Introductory Lecture to Course on Dental Mechanics.

By Dr. J. WALKER.

Gentlemen,—The authorities of the Dental Hospital of London have entrusted to me the heavy responsibility of lecturing on Dental Mechanics for this present Session of 1880 and 1881. I have undertaken this post with many misgivings; the subject is so wide and comprehensive, the study so important to you now, and the effect of good or bad teaching will so deeply affect your whole life, that I might well have hesitated before finally accepting the duties that will now devolve upon me.

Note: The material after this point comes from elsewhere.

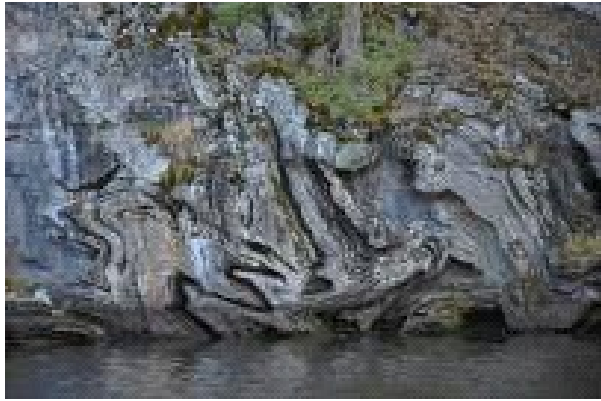
Kunniamaininta, Ämmän uunin urat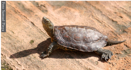
Figura 1. Detalle de uno de los ejemplares capturados en el Parque Natural de s'Albufera de Mallorca.

Key words: Mauremys leprosa , distribution, new records, Natural Park of s'Albufera de Mallorca, Balearic Islands.

I have taken a great interest in this Hospital and School from its early foundation, when the pupils were few, and the School and Hospital had, so to speak, to win its spurs; but in passing, I may here remark that that small class of students, then a new feature in London life, by their diligence, learning and conduct, have established throughout the country a name and reputation that you will have to perpetuate. It was by the combined efforts of the whole profession, and by the fact that its senior members were able to point back to so many successful students of this School and Hospital, now earnest practitioners in nearly every large town of the British Isles, that the leaders of our department of Surgery were enabled to bring this special branch before the notice of Parliament, and obtain a Bill which now governs the method and extent of the classes and hospital practice of all our schools.

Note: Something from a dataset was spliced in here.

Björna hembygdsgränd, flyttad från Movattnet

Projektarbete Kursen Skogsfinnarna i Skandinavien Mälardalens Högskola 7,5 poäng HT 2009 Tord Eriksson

As your lecturer, I may perhaps without egotism mention that I was one of the six gentlemen appointed as the first Assistant Dental Surgeons to this Hospital, while it was struggling through its first year of active life. I remained at my post nearly ten years, until driven by increasing practice to relinquish the work, then, as now, carried on in your Hospital. It is the knowledge and experience I then gained, and the lessons I have since learnt as the result of treatment in private practice, that I have now to offer you—many failures and some successes, many abortive schemes, and some inventions that have stood the test of time.

My best thanks are due to the Managing Committee of this Hospital, for electing me to be the colleague of such men as Alfred Coleman, C. S. Tomes, and D. Lewis.

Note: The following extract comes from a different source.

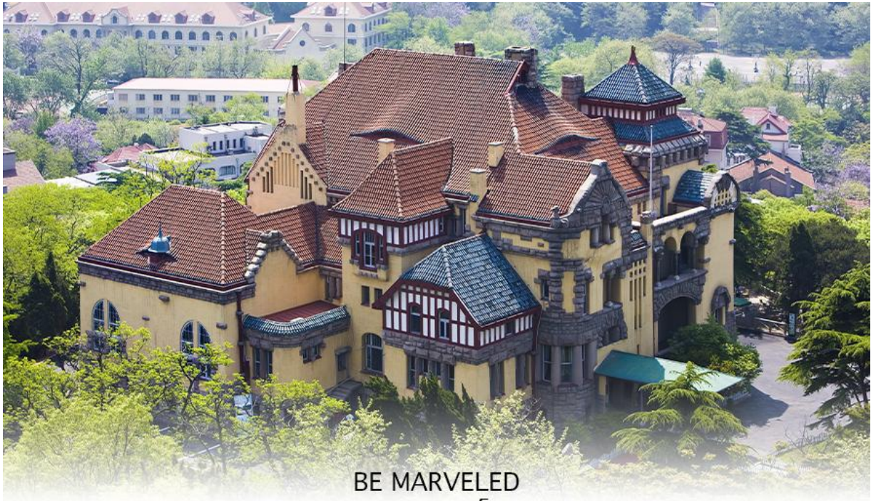
BE MARVELED พระตำหนักกรังโหลว

Gentlemen, I am fully conscious of the honour, and will do my best, if health and strength are given me, to redeem in part the loss you have sustained in the resignation of your late teacher, Mr. James Smith Turner. I know that you and your companions in hospital practice held him in high esteem. He has been a true friend to the London Dental School. He had become a ripe and experienced teacher, one fully alive to the best manner of treating his subject, passing by what the student might gain for himself from books, to dwell upon those details that a man of his experience could so fully grasp. But much as we miss him, we may yet congratulate ourselves that we have not to mourn over the death of so good and faithful a friend. He is now as actively at work in another sphere of Dental life; he is even working harder than ever in perfecting the work that has so prospered in the hands of Messrs. Tomes and Turner. He is consolidating the Dental Act of 1878, making every effort to render the Register of 1881 as perfect as may be, and to raise the standard of Dental Education throughout Great Britain. That the number of Dental Schools may be equal to what is now demanded by students, the schools be sound in teaching power, the men elected as teachers be conscientious in their newly appointed work, that full and complete courses on each Dental subject be delivered—these are a few items of his daily work. The end and object of his endeavours is that the students in the various schools may gather wider stores of knowledge during their curriculum, so that the various examining bodies may see their way to enforce a higher standard of examination than is now enforced to obtain the L.D.S. Diploma, and the coveted power of registration.

Those gentlemen who were members of Mr. Turner’s class last year will join with me in wishing him long life and energy to complete his self-imposed task.

To come to the special subject of my lecture. At the risk of provoking the well-known retort of “nothing like leather,” I venture to assert that no man can ever prove himself a good Dental Surgeon unless he is a skilled artist in Dental Mechanics. To kindle a spark of my own enthusiasm for the subject, to fan that spark into a flame that shall burn brighter and brighter in your life until you lay down the file and the engraver, with a sense that you have done some good work in the world, is at once my endeavour and my duty. A painter or sculptor of eminence in his profession is frequently the leader in the fashionable world, he is feasted by the city guilds, his company is sought by the rich and noble, he has the entrée to the literary circles of every capital, yet the work of the artist is, at best, but to reproduce a faint imitation of nature in cold marble or on inanimate canvass. The subjects of your handiwork will be full of life and animation.

What is the necessary training for such accomplishments? A full and perfect realization of all the forms of human beauty, and of woman’s beauty in particular. Why do I dwell so much on the complete form of beauty? Because no face can be perfect in beauty, unless its features each and all are in harmony. The teeth have a peculiarly marked position in relation to the features: one missing link in the circle will attract attention and mar the harmony of an otherwise lovely face, like a false chord in music.